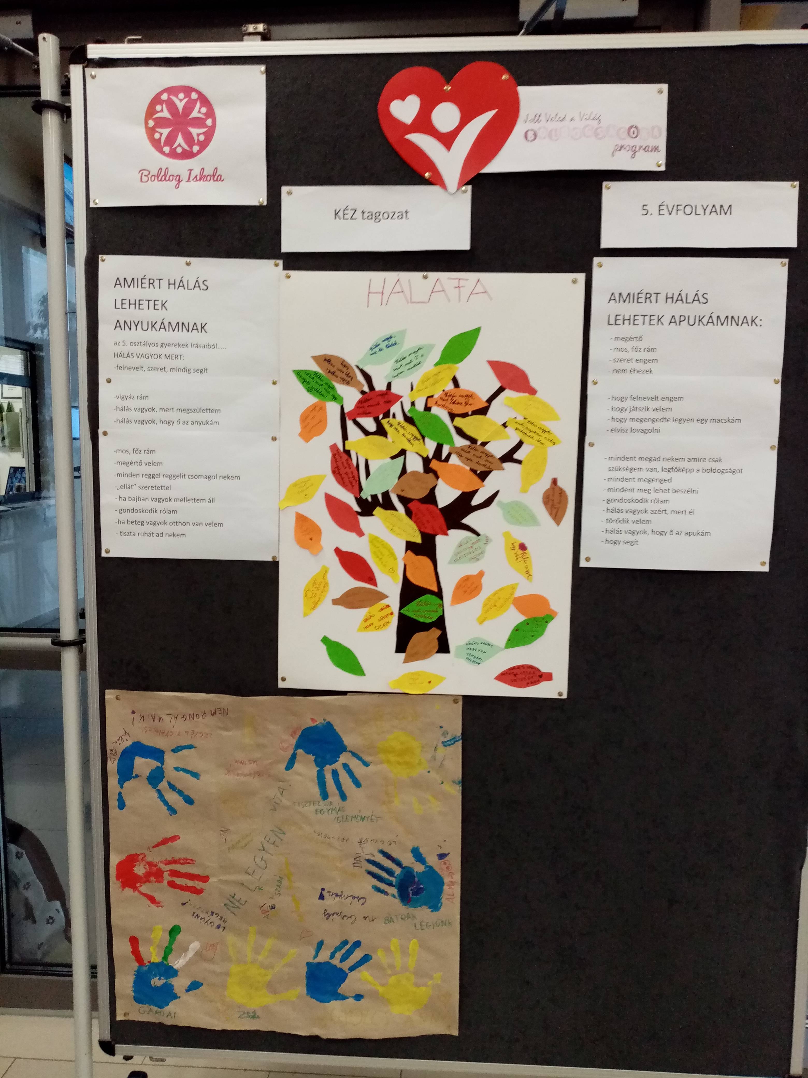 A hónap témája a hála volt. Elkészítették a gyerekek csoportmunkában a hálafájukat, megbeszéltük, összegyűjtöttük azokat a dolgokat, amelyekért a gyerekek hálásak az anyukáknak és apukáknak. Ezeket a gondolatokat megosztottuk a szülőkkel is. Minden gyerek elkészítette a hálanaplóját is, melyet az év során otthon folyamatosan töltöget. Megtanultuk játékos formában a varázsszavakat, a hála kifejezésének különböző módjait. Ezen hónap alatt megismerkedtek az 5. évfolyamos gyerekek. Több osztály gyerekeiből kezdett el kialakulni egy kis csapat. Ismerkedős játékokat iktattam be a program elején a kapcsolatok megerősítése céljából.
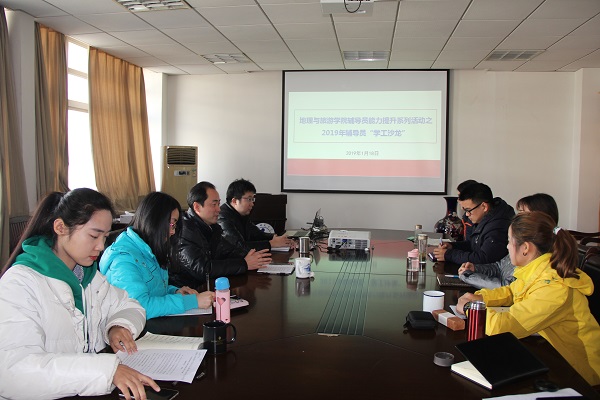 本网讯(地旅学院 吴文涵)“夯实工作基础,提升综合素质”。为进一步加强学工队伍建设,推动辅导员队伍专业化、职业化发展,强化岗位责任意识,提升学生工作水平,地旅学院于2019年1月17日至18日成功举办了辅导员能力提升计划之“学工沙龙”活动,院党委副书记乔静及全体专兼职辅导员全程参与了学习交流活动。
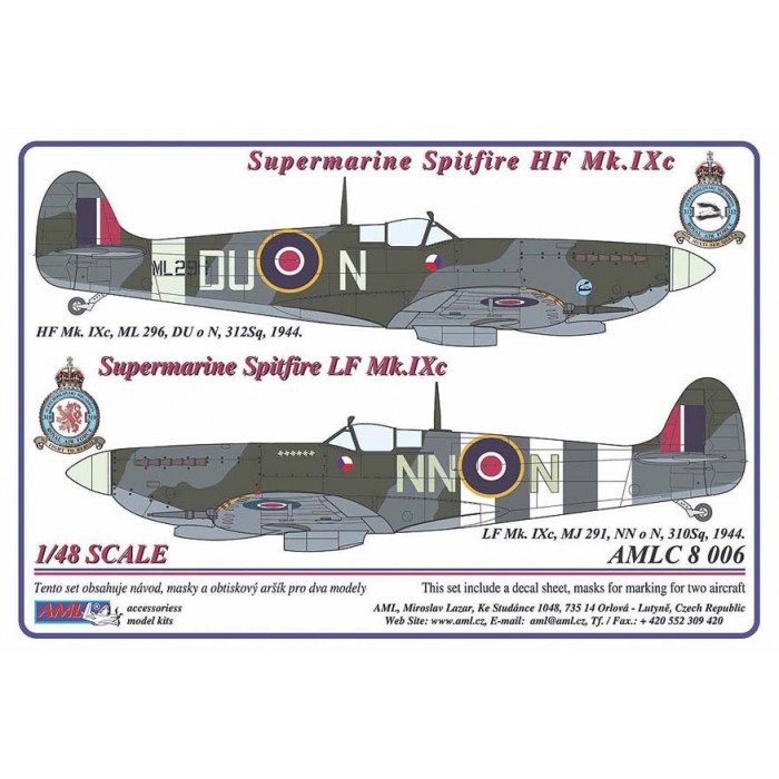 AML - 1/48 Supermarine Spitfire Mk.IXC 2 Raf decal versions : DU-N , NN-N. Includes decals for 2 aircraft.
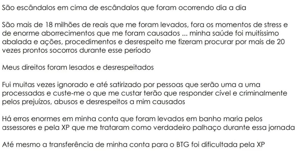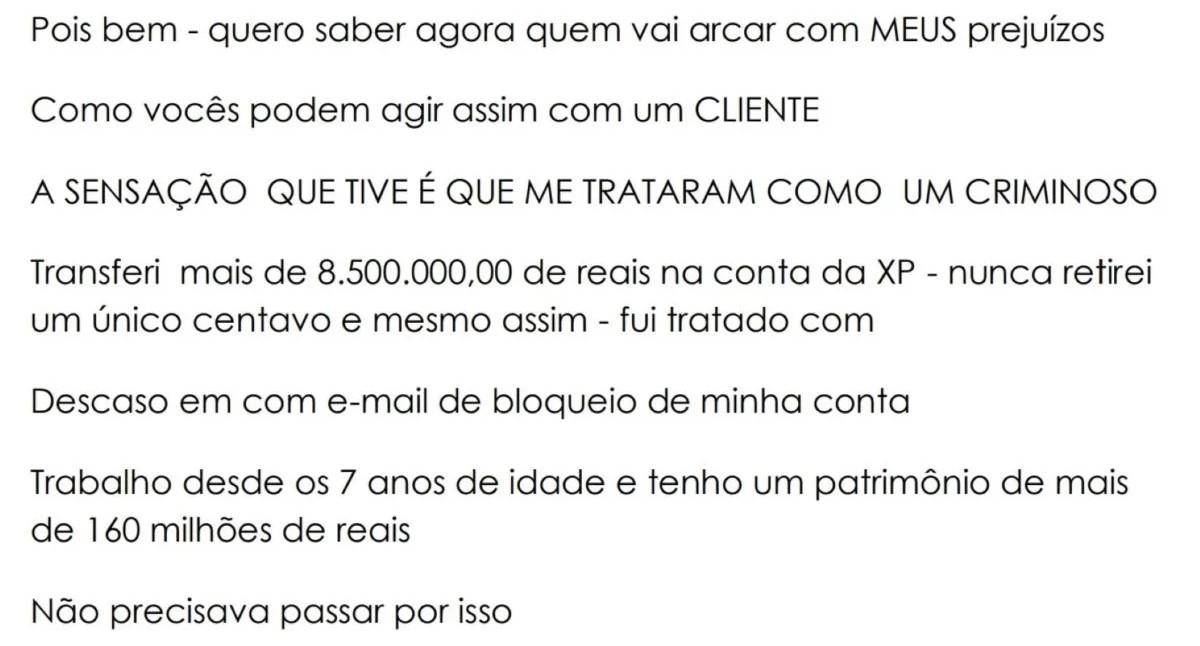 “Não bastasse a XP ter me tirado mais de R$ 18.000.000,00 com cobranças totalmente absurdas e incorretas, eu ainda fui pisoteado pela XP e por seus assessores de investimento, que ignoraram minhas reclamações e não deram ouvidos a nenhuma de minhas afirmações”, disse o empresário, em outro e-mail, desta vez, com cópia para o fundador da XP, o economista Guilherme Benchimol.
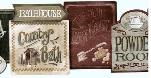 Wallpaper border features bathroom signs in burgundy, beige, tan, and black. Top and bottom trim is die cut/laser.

Exercise aim:
Copy the entries exactly. Leave the pictures out.

Exercise result:
 A hónap témája a hála volt. Elkészítették a gyerekek csoportmunkában a hálafájukat, megbeszéltük, összegyűjtöttük azokat a dolgokat, amelyekért a gyerekek hálásak az anyukáknak és apukáknak. Ezeket a gondolatokat megosztottuk a szülőkkel is. Minden gyerek elkészítette a hálanaplóját is, melyet az év során otthon folyamatosan töltöget. Megtanultuk játékos formában a varázsszavakat, a hála kifejezésének különböző módjait. Ezen hónap alatt megismerkedtek az 5. évfolyamos gyerekek. Több osztály gyerekeiből kezdett el kialakulni egy kis csapat. Ismerkedős játékokat iktattam be a program elején a kapcsolatok megerősítése céljából.
 本网讯(地旅学院 吴文涵)“夯实工作基础,提升综合素质”。为进一步加强学工队伍建设,推动辅导员队伍专业化、职业化发展,强化岗位责任意识,提升学生工作水平,地旅学院于2019年1月17日至18日成功举办了辅导员能力提升计划之“学工沙龙”活动,院党委副书记乔静及全体专兼职辅导员全程参与了学习交流活动。
 AML - 1/48 Supermarine Spitfire Mk.IXC 2 Raf decal versions : DU-N , NN-N. Includes decals for 2 aircraft.
 “Não bastasse a XP ter me tirado mais de R$ 18.000.000,00 com cobranças totalmente absurdas e incorretas, eu ainda fui pisoteado pela XP e por seus assessores de investimento, que ignoraram minhas reclamações e não deram ouvidos a nenhuma de minhas afirmações”, disse o empresário, em outro e-mail, desta vez, com cópia para o fundador da XP, o economista Guilherme Benchimol.
 Wallpaper border features bathroom signs in burgundy, beige, tan, and black. Top and bottom trim is die cut/laser.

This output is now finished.